# Dupel in einer Tabelle ordnen



## Gast (19. Sep 2008)

Hallo,

wie kann ich in einer DatenbankTabelle meine Dupel ordnen also nicht geordnet auslesen sondern in der Tabelle selber ordnen??
 schönes WE,


----------



## musiKk (19. Sep 2008)

Meist reicht dafür eigentlich der Index. Aber wenn die Daten wirklich physisch wie im Index liegen sollen, dann ist das Stichwort "geclusterter Index". Oracle bietet das an, wie es mit anderen DBMS aussieht, weiß ich nicht.

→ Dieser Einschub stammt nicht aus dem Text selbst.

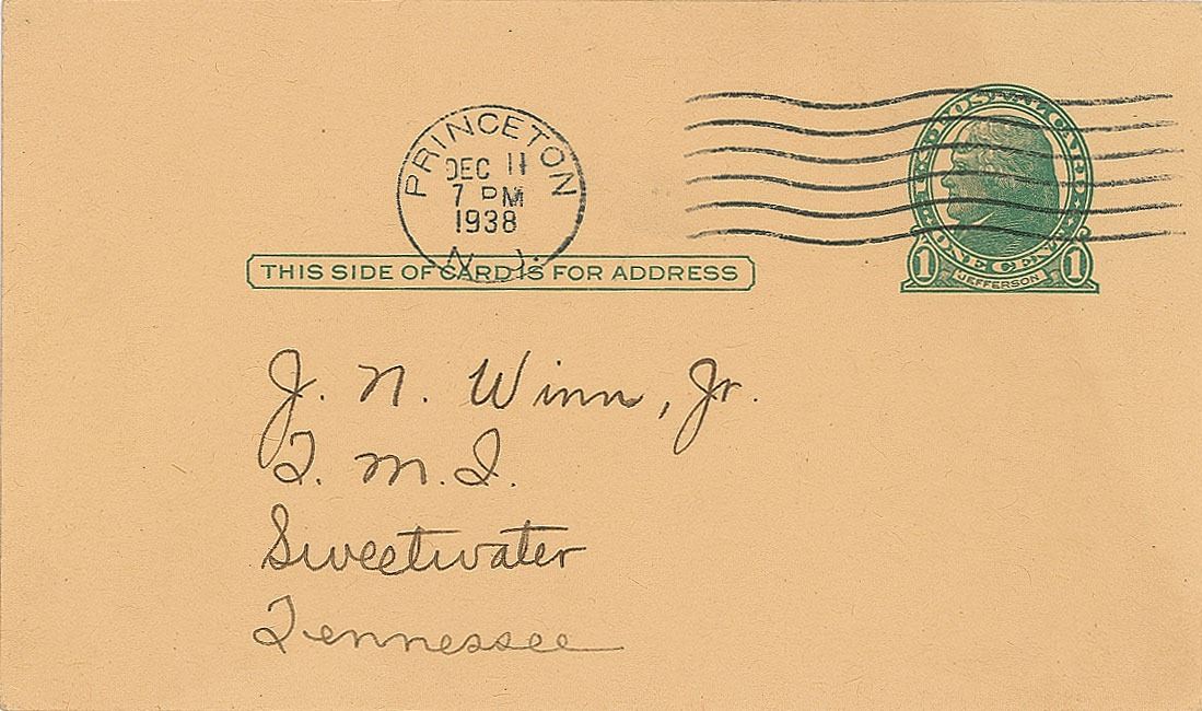 Fountain pen signature, "A. Einstein,” on an off-white 5.5 x 3.25 government postcard postmarked at Princeton, December 11, 1938. In fine condition.

Nebenbei: Dupel. YMMD  Tupel ist richtig.


----------



## Guest (19. Sep 2008)

Gast hat gesagt.:
			
		

> Hallo,
> 
> wie kann ich in einer DatenbankTabelle meine Dupel ordnen also nicht geordnet auslesen sondern in der Tabelle selber ordnen??
> schönes WE,



Geht nicht, gibt's nicht, unnötig


----------



## musiKk (19. Sep 2008)

Erst lesen, dann informieren, dann bellen. Geben tut es das und es mag in seltenen Fällen sinnvoll sein. Die Entscheidungsfindung, ob dies für das unbekannte Problem des OP nützlich ist, ist nicht unsere Aufgabe.


----------



## Gast (20. Sep 2008)

Hallo OP,

warum möchtest du das tun?

Grüße
Konrad


----------



## HoaX (22. Sep 2008)

mal gespannt wann einer kommt der deine "Dübel" sprtieren will


----------



## Guest (22. Sep 2008)

Naja, mit der Rechtschreibung stehen die meisten Programmierer auf Kriegsfuzz, oderrrr :?:


----------